May 19, 2024
Chicago 12, Melborne City, USA
Fitness Training

The Upper-Body Circuit Workout You Can Do Anywhere With Just a Resistance Band

When it comes to strengthening our upper body, we tend to think that using weights or machines are the only way to go. But this upper-body circuit workout proves that you can work your way to stronger arms, shoulders, back, and chest with just a resistance band.

The beauty of using a resistance band is that it allows you to create constant tension throughout the entire exercise—and more time under tension means more strength and muscle gains, NASM-certified personal trainer Tatiana Scott, CPT, founder of Fit With Curves, tells SELF.

“When using resistance bands, you not only have resistance when you’re contracting the muscle, but you also have resistance as you’re lengthening the muscle,” says Scott. “So in other words, you have resistance during the full range of motion.” This means your muscles are working hard in both the concentric and eccentric portions of the move.

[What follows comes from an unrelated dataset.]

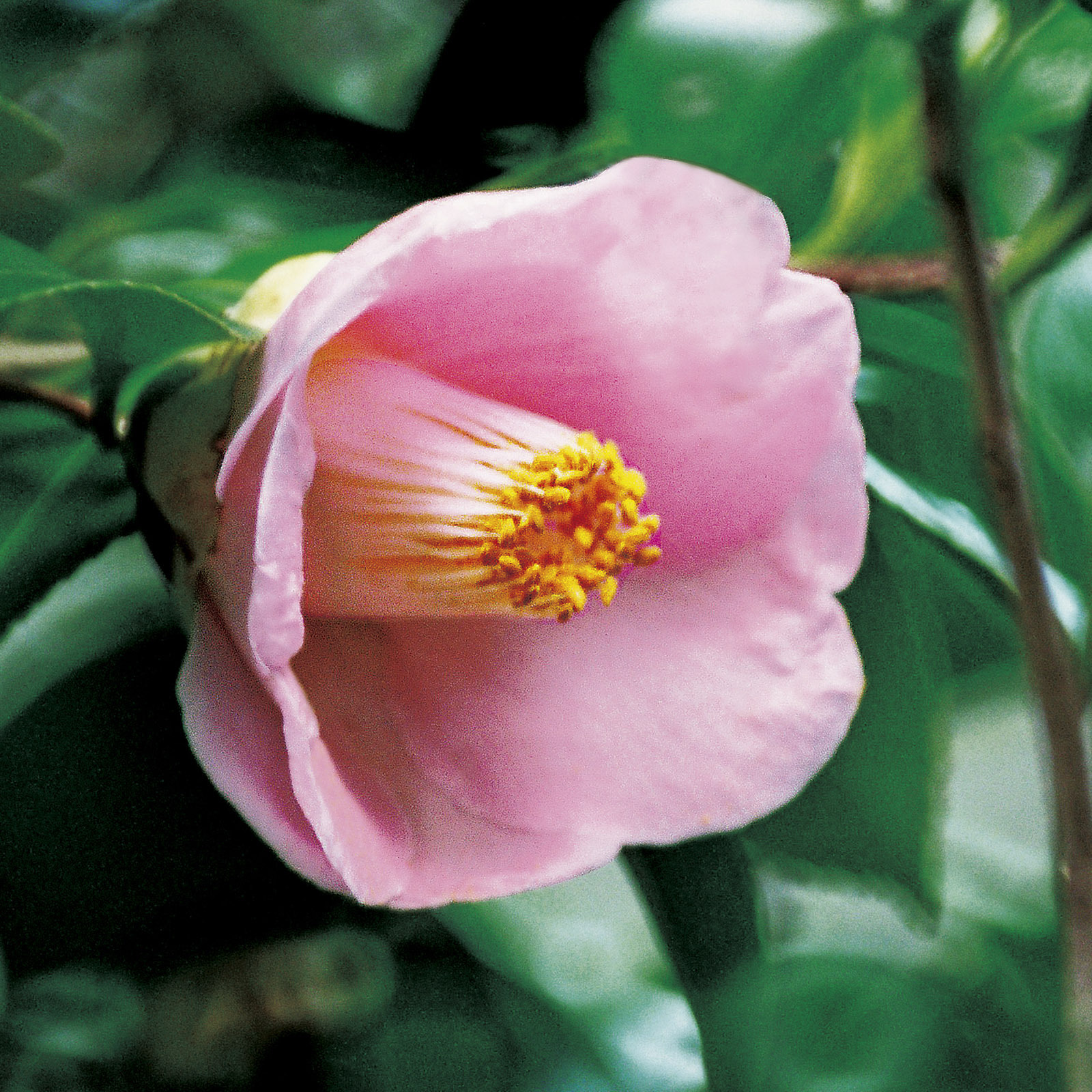 3-02 花弁は桃色で、少し弁脈が見られる5〜6弁で、ラッパ咲きから杯状咲きの中輪。 花糸は白色で、数は多く、筒しべで花柱に毛が見られる。 1996年に延岡城山ヤブツバキを楽しむ会が、延岡藩の藩主である内藤氏にちなんで「内藤」と命名。 場所 遊具広場に向かう階段の右手斜面。 3-01 3-03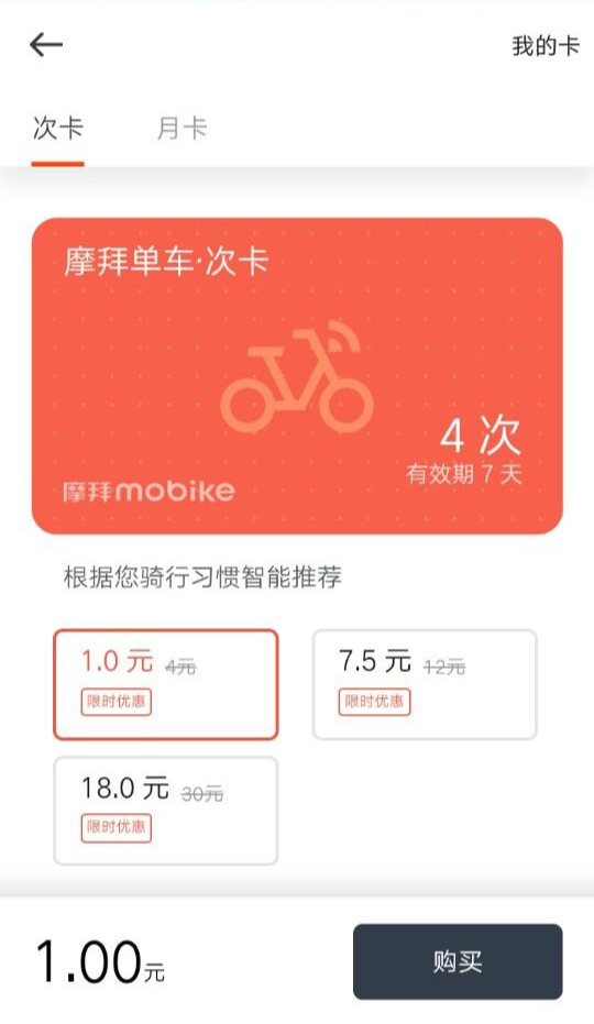 오포 OFO: 99원~199원(약 15~35천 원)

This upper-body circuit workout created by Scott targets the front and back deltoids (shoulders), biceps, triceps, pectorals (chest), and trapezius (upper back) muscles through a combination of compound and isolation exercises. For example, the standing chest press in this workout recruits your pectorals and triceps, as well as your erector spinae, rotator cuff, and transverse abdominis (your deep core muscles), says Scott, while the triceps extension isolates those back-of-arm triceps muscles.

This resistance band workout is programmed as a circuit, meaning you’re moving from one exercise to the next with minimal rest between sets, which makes it ideal if you want to get a lot of work done in not a lot of time, says Scott. It’s especially smart programming for this workout, since it uses push-pull movements that work opposing muscle groups. That means you avoid overtaxing one muscle group but you still get to keep working.

“It’s also important to incorporate both vertical and horizontal movement patterns to work the upper body in different directions,” says Scott. That’s because moving your body in only one movement pattern creates poor range of motion, which can cause muscle imbalances, pain and injury, according to the National Academy of Sports Medicine (NASM).

For this workout, you’ll aim to do 15 to 20 reps per exercise, so you’ll want to choose a resistance band that’s challenging enough to do the moves with proper form. “It should be difficult to get to the last rep,” says Scott.

The high-rep range in this circuit workout is ideal for promoting muscle endurance. Because your muscles are working against resistance for a longer period of time, it trains them to become more aerobically efficient, according to the American Council on Exercise. Building muscle endurance is important whether you want to run a marathon or carry heavy groceries over flights of stairs.

As for choosing the right resistance band? Generally speaking, thinner bands have less resistance, while thicker bands have more resistance. To see which level of resistance works best for you, you may want to try out a variety of bands to find one that’s moderately challenging—you want to make sure you’re really working hard during the last two reps.

The Workout

What you’ll need: You’ll need a resistance band with handles or a large looped band. You may want different resistances for certain moves—for instance, lighter resistance for the isolation moves and heavier resistance for the compound exercises.

The Exercises

  • Bent-over row
  • Overhead press
  • Overhead triceps extension
  • Standing chest press
  • Biceps curl
  • Seated row

Directions

  • Perform 15–20 reps for each exercise. Try not to rest between exercises. (Of course, if you feel your form faltering, take some time as needed to reset.) Rest for at least 30 seconds after all six exercises are done.
  • Complete the circuit four times total.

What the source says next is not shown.